▶ _Recorded information_

-=-=-=-=-

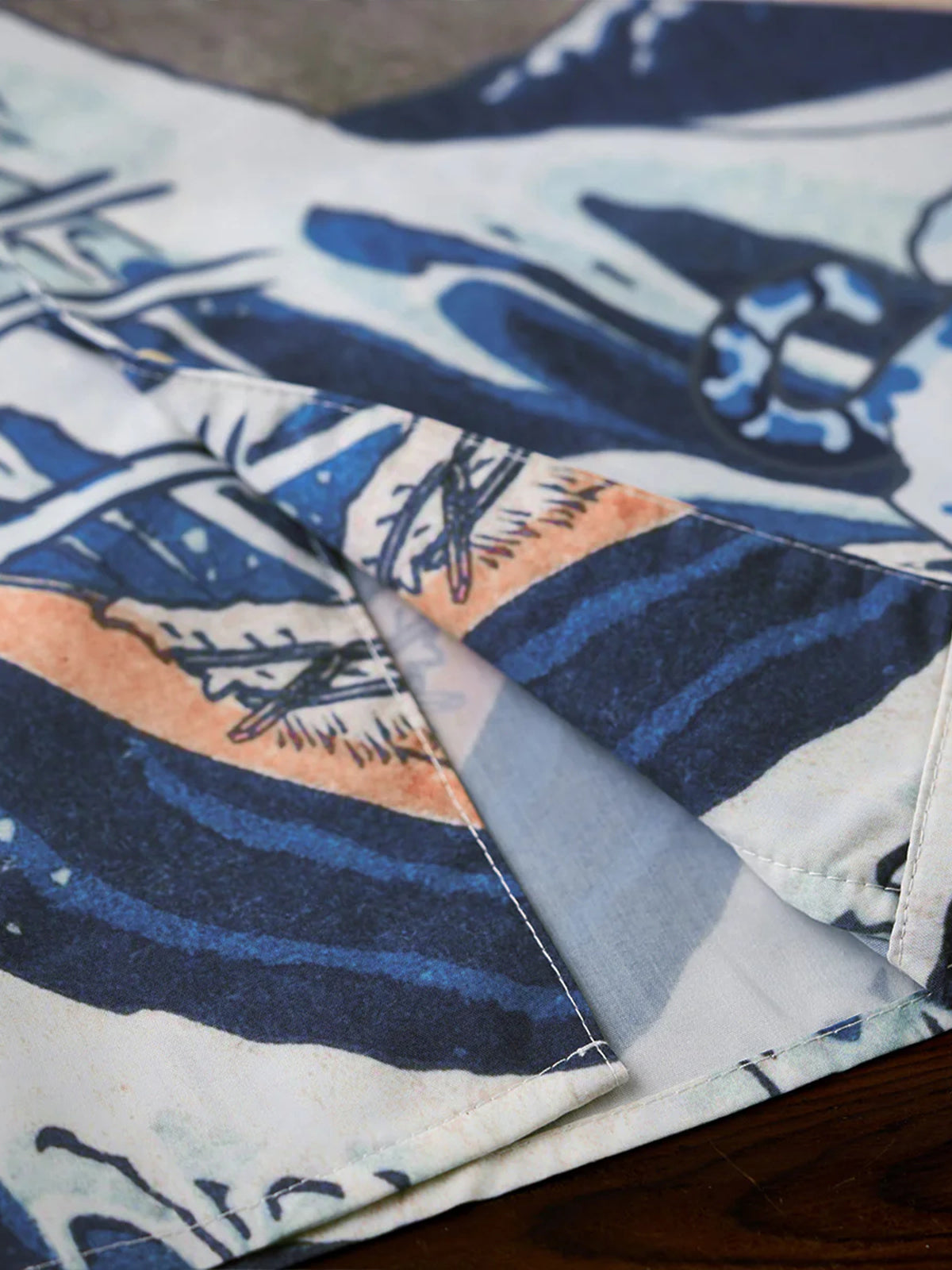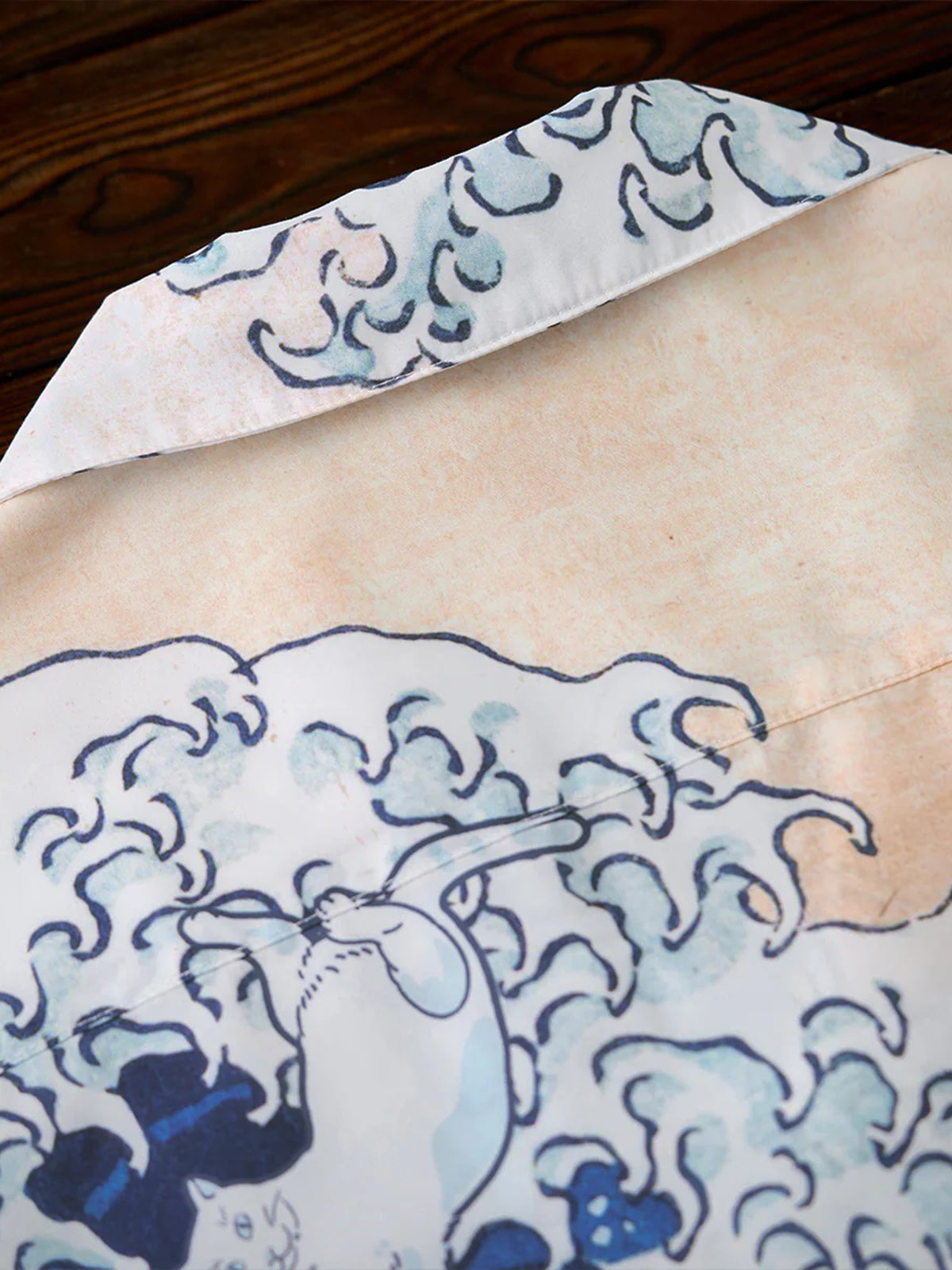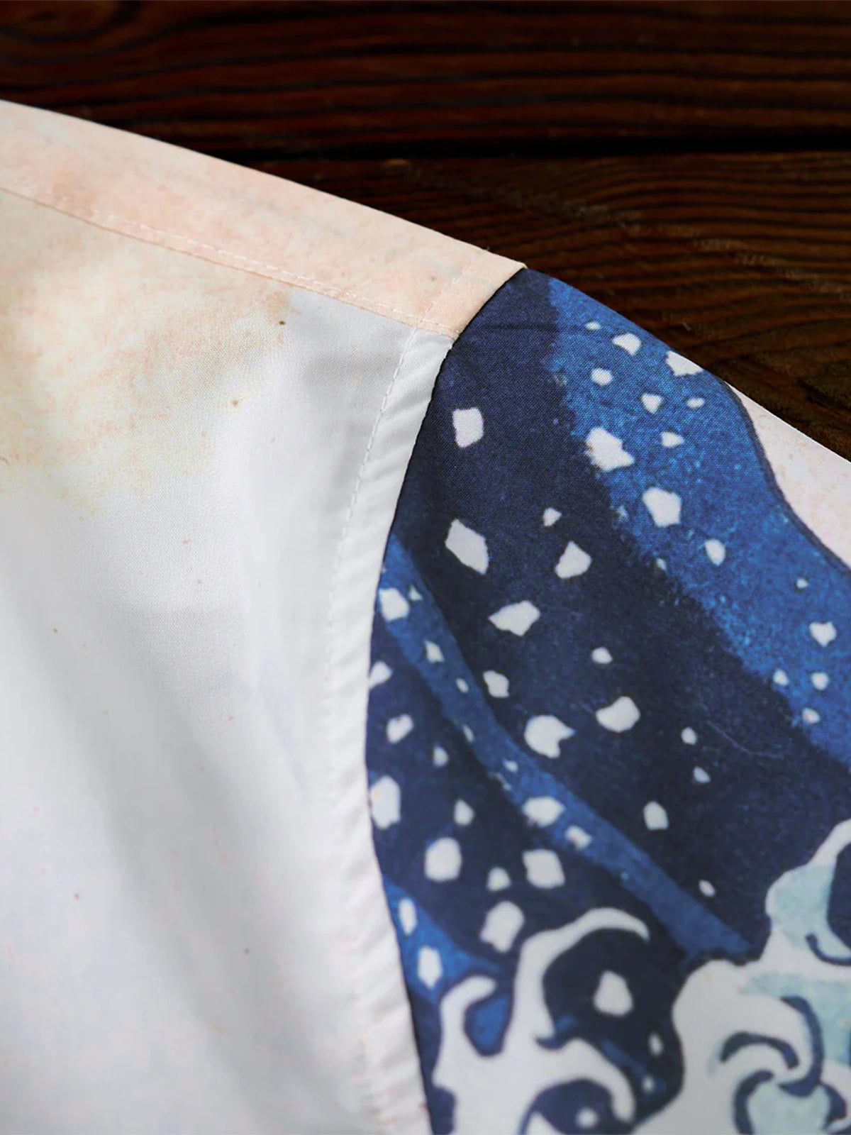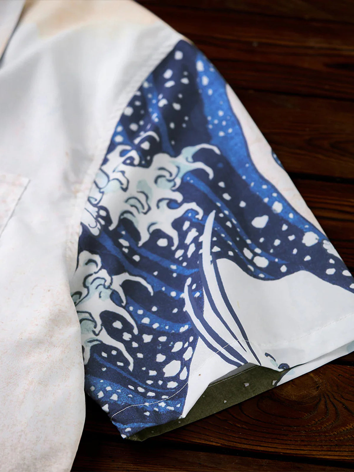 Retro Ukiyo-e Wave Design Cotton Bowling Shirt
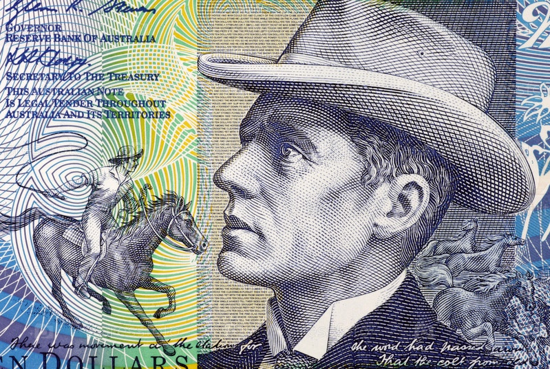 Банджо Патерсон (1864 — 1941) на купюре 10 долларов 2007 года из Австралии. Австралийский поэт, журналист и автор
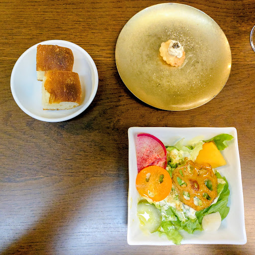 ランチタイムはコースが3種類あり、それぞれ1,400円、2,200円、3,000円。 1,400円のパスタコースをチョイスし、内容は前菜、サラダ、パスタ2種(!)、食後のドリンク。 味、量ともに申し分無く、素材にもこだわっている様子だったので、この内容で1,400円は正直めちゃくちゃお得なのでは…と感じました。
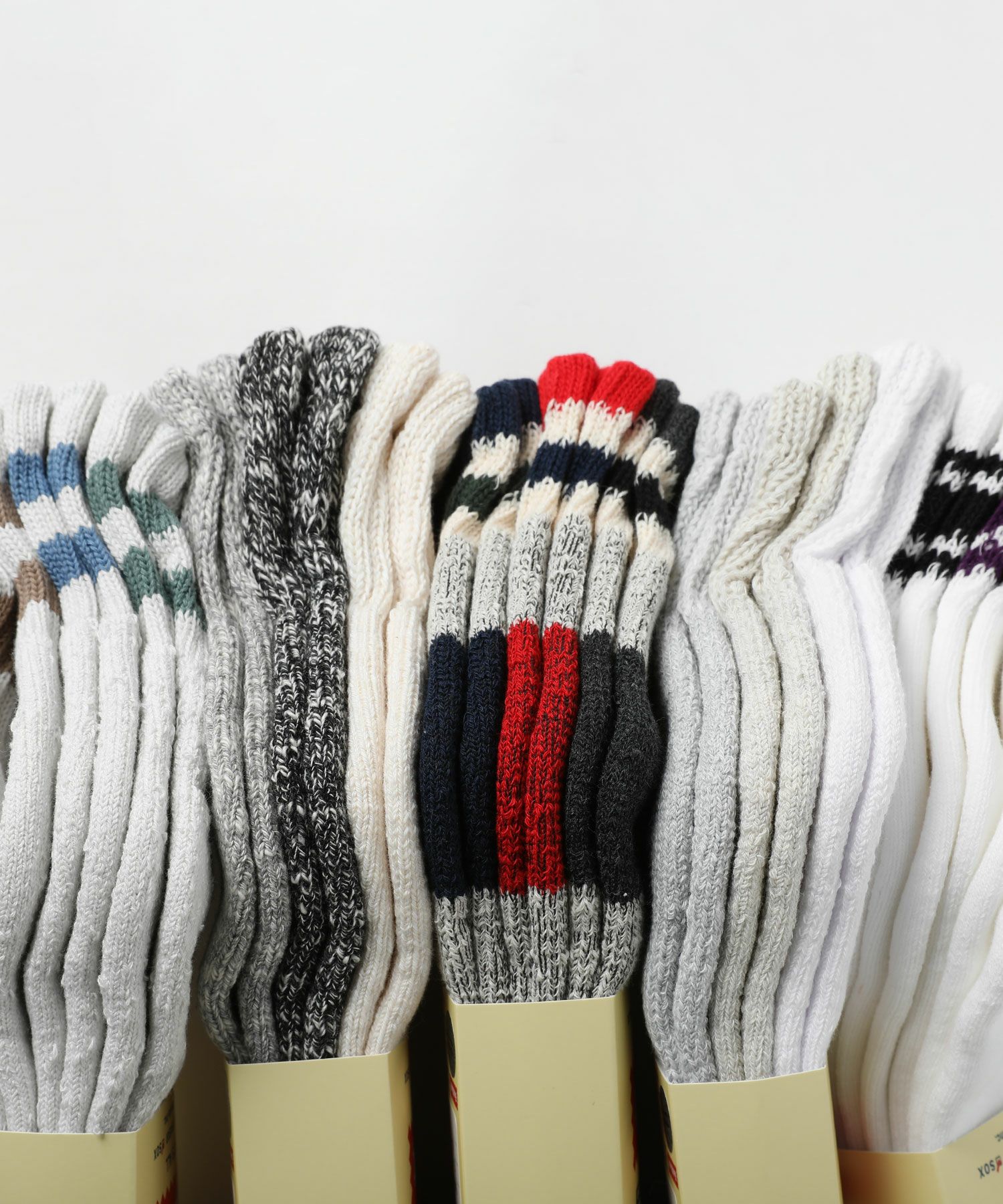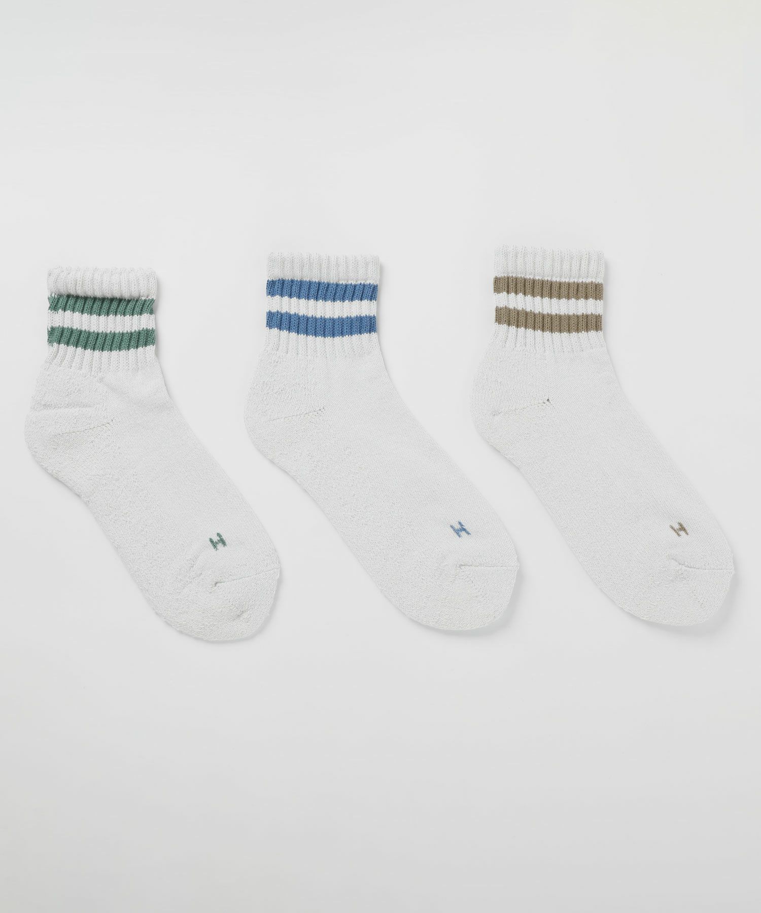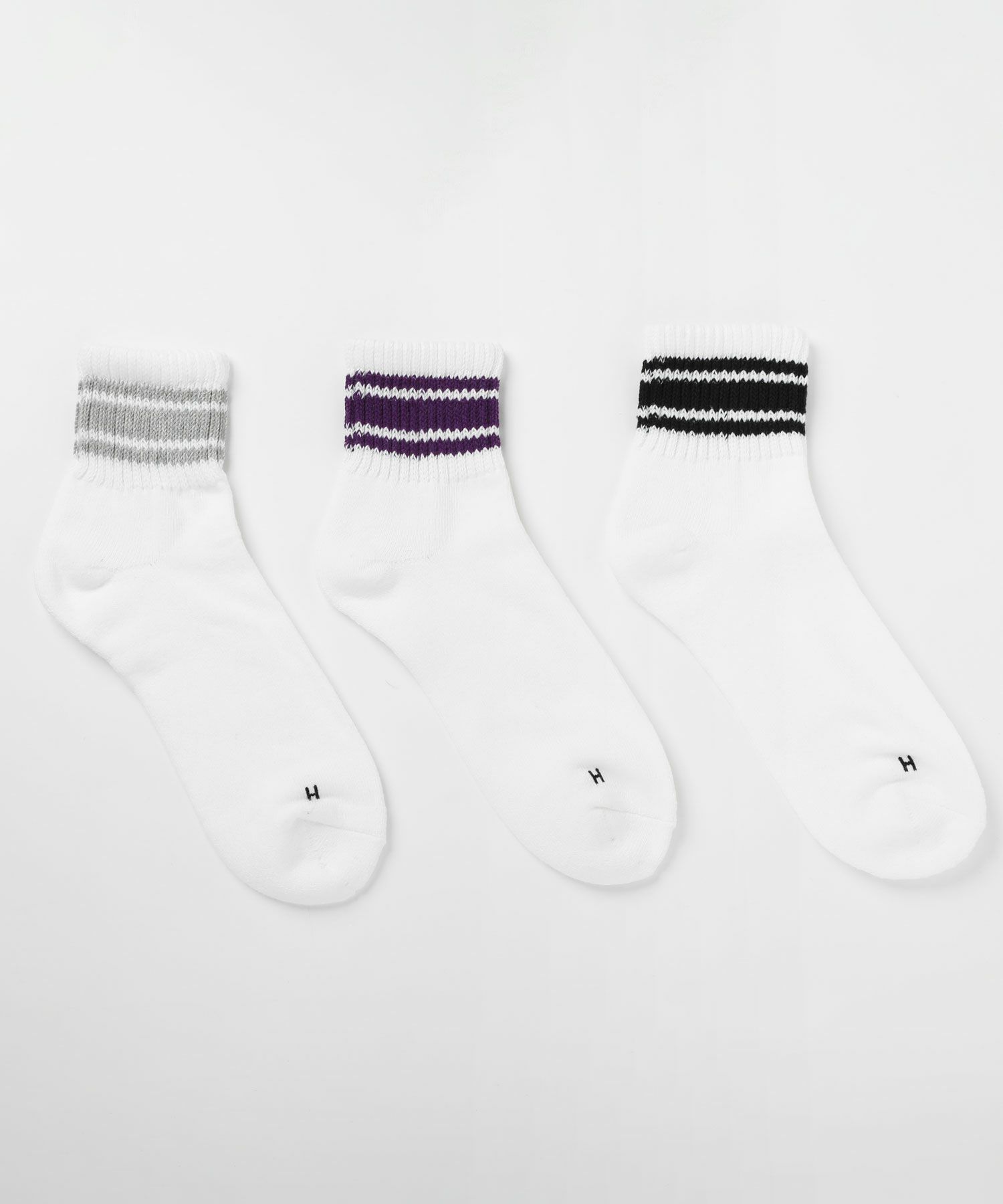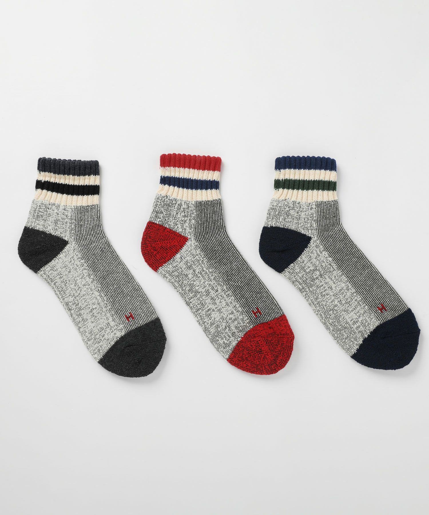 色違いの3足セットでお買い得なのはもちろんのこと、無地ベースのアイテムからスポーティーなライン柄、アウトドアテイストな配色のものまで、幅広いバリエーションというのも嬉しいポイント。

-=-=-=-=-

Could you output the lines above exactly, with no pictures included?

 Retro Ukiyo-e Wave Design Cotton Bowling Shirt
 Банджо Патерсон (1864 — 1941) на купюре 10 долларов 2007 года из Австралии. Австралийский поэт, журналист и автор
 ランチタイムはコースが3種類あり、それぞれ1,400円、2,200円、3,000円。 1,400円のパスタコースをチョイスし、内容は前菜、サラダ、パスタ2種(!)、食後のドリンク。 味、量ともに申し分無く、素材にもこだわっている様子だったので、この内容で1,400円は正直めちゃくちゃお得なのでは…と感じました。
 色違いの3足セットでお買い得なのはもちろんのこと、無地ベースのアイテムからスポーティーなライン柄、アウトドアテイストな配色のものまで、幅広いバリエーションというのも嬉しいポイント。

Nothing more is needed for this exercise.